Wash trading is a manipulative and illegal trading strategy that is particularly common on stock exchanges and cryptocurrency markets. There is a particularly high risk of this illegal practice being used in unregulated markets.
Market manipulation through artificial liquidity
The practice of wash trading involves the purchase and sale of a security, commodity or cryptocurrency by the same person or by coordinated actors to simulate deceptive activity in the market. The goal is to spread false information about trading volume to mislead other investors. The practice artificially inflates trading volume and illegitimately increases value.

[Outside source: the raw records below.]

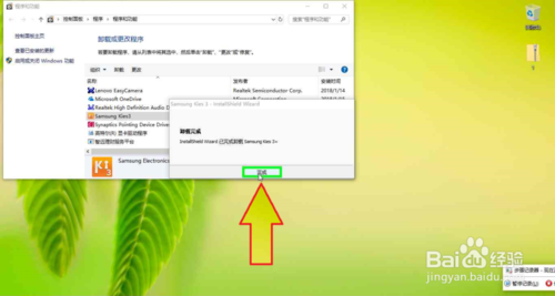 卸载完成,在"完成 (按钮)"上左键单击(在"Samsung Kies 3 - InstallShield Wizard"中)。
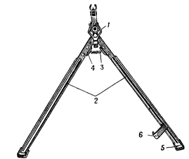 1—основание сошки; 2—ноги, 3—пружина; 4— выступ; 5 — полозок; 6 — пружинная застежка.
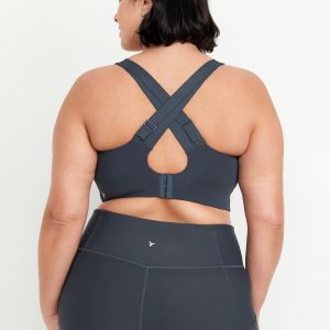 High Support PowerSoft Sports Bra: Featuring PowerSoft. Light compression meets a peachy-smooth, sweat-wicking fabric.v-neck, adjustable cross-back straps, back hook-and-eye closure, molded cups, go-dry wicks moisture, #559448
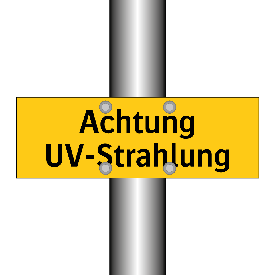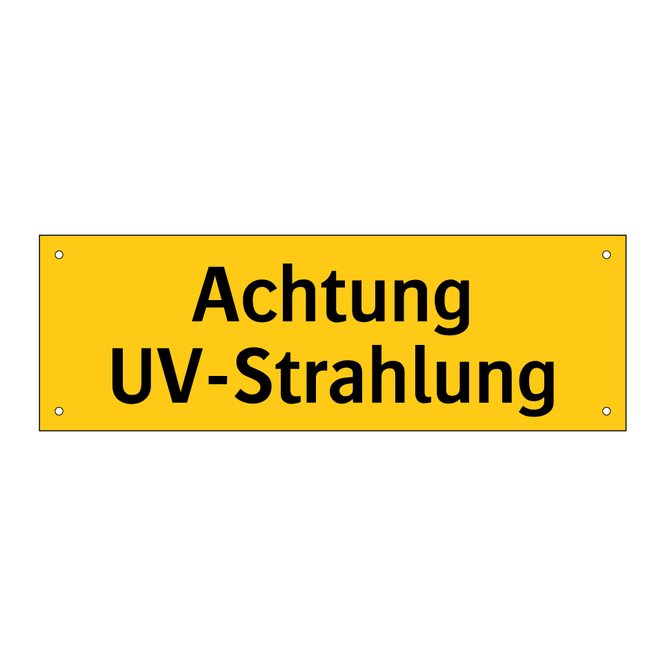 Diese Warnschild mit gelbem Hintergrund und schwarzer Schrift ist ideal, um auf die Gefahren von UV-Strahlung hinzuweisen. Perfekt geeignet für Bereiche, in denen Menschen vor intensiver Sonneneinstrahlung gewarnt werden müssen, wie zum Beispiel in Solarien, Laboren oder Produktionsstätten, in denen UV-Licht verwendet wird. Die deutliche Beschriftung sorgt dafür, dass die Botschaft klar und unmissverständlich vermittelt wird. Platzieren Sie dieses Warnschild an gut sichtbaren Stellen, um die Sicherheit zu erhöhen und das Bewusstsein für die potenziellen Risiken von ultravioletter Strahlung zu schärfen. Ein unverzichtbares Element für jeden, der die Sicherheit in UV-exponierten Bereichen gewährleisten möchte.
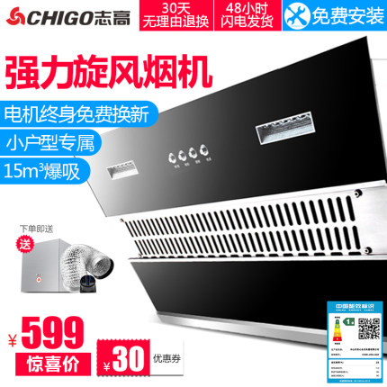【志高 CXW-200-K02 壁挂式侧吸式抽油烟机 免费安装¥539包邮】
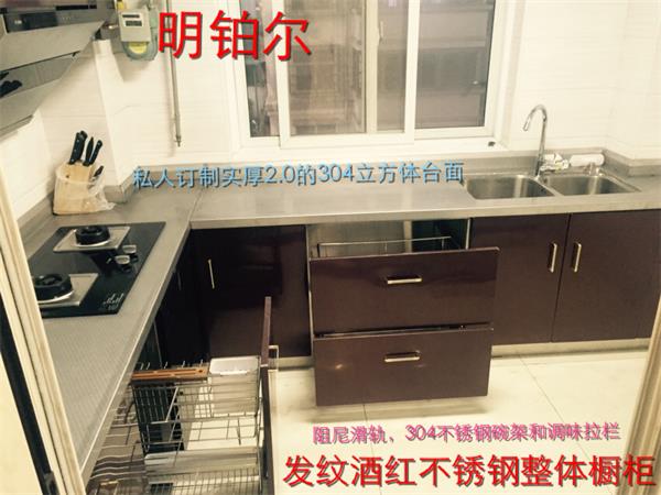 明鉑爾不銹鋼櫥柜,零甲醛,不怕水,不怕火,不變形,可以使用100年,售后無憂,德國五金,304食品級材質(zhì),集成灶一體,為您和家人健康保駕護(hù)航!
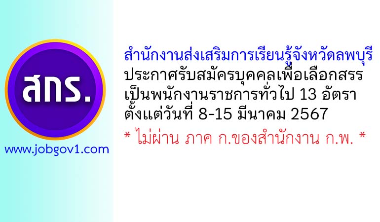 สำนักงานส่งเสริมการเรียนรู้จังหวัดลพบุรี รับสมัครบุคคลเพื่อเลือกสรรเป็นพนักงานราชการทั่วไป 13 อัตรา ตั้งแต่วันที่ 8-15 มีนาคม 2567
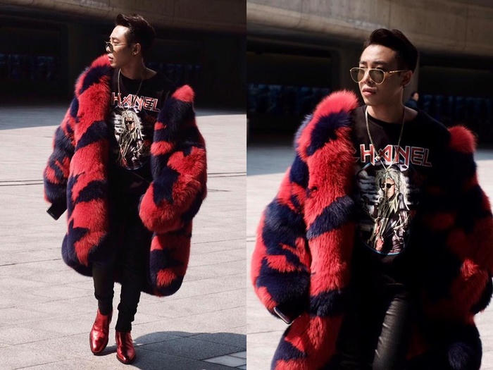 Hoàng Ku nổi bật tại Seoul Fashion Week với áo lông phối màu giá 500 triệu và ankle boot đỏ rực rỡ.
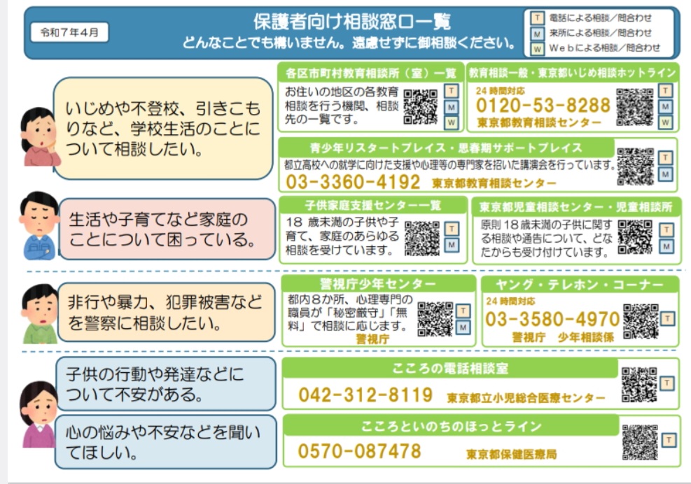 「保護者相談窓口」と「交通安全情報」を添付いたしますので、必要に応じてご活用ください。
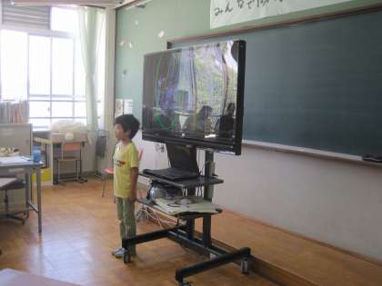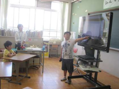 3人の児童が,プレゼンを使いながら,
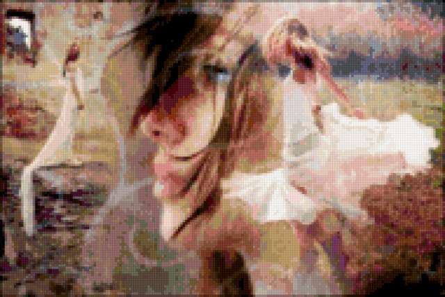Ориентировочно так, схема вышивки «&2488», созданная автором Axlamonka, будет выглядеть при отшиве на канве. Размер данной вышивки равен 190x127 крестов, при этом используется 73 цветов. Ключевые слова, по которым можно найти эту схему: девушка, весна, любовь, мечты. Также, вы можете взглянуть на оригинальную картинку, соответствующую данной схеме вышивки.
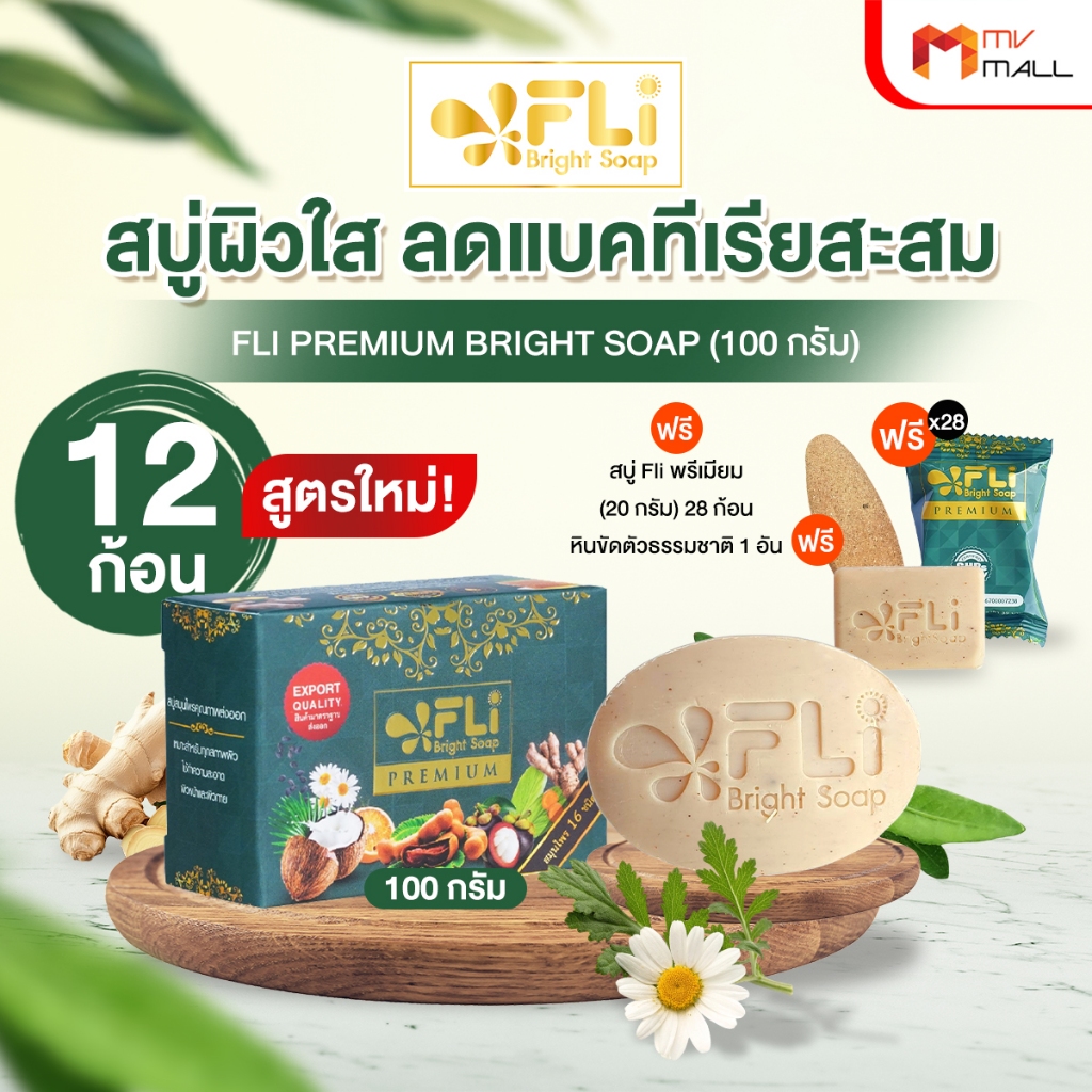 [พร้อมส่ง] สบู่ FLi Premium Bright soap สูตรใหม่ สบู่สมุนไพรไทย 16 ชนิด 100g.เซต 12 ก้อนพร้อมของแถม

The technique behind wash trading is relatively simple: an actor executes a buy and sell order for the same asset simultaneously, without any actual change in market conditions or ownership. These orders are executed at similar prices and often within short time intervals, creating artificial trading volume. This can give the appearance that there is high demand or liquidity for the asset.
Many negative effects
The negative effects of wash trading are many and can lead to the pricing mechanism being distorted. By artificially inflating trading volume, assets appear more popular or liquid than they actually are. This can lead to erroneous investment decisions, as investors often make decisions based on trading volume and market activity, and the inflated liquidity leads them to believe that the asset is popular and potentially profitable. The practice also undermines confidence in the markets. In addition, wash trading can lead to market manipulation, which can lead to other illegal activities, such as insider trading or fraud. The ability to artificially influence market conditions can be used to make ill-gotten gains, which is harmful to both the economy and investors.
NFT markets particularly affected
In the EU, the practice falls under the scope of market manipulation, which is regulated in Article 12 of the EU Market Abuse Regulation (MAR) and prohibited under Article 15 MAR. In other countries, price distortion is also punishable.
Wash trading is a significant problem, especially in unregulated markets such as NFTs . A 2024 study shows that the NFT marketplace LooksRare has a wash trading volume of 94.5 percent, while the X2Y2 marketplace is at 84.2 percent. NFT markets with incentive structures would therefore have a significantly larger share of wash trading than those without incentive structures.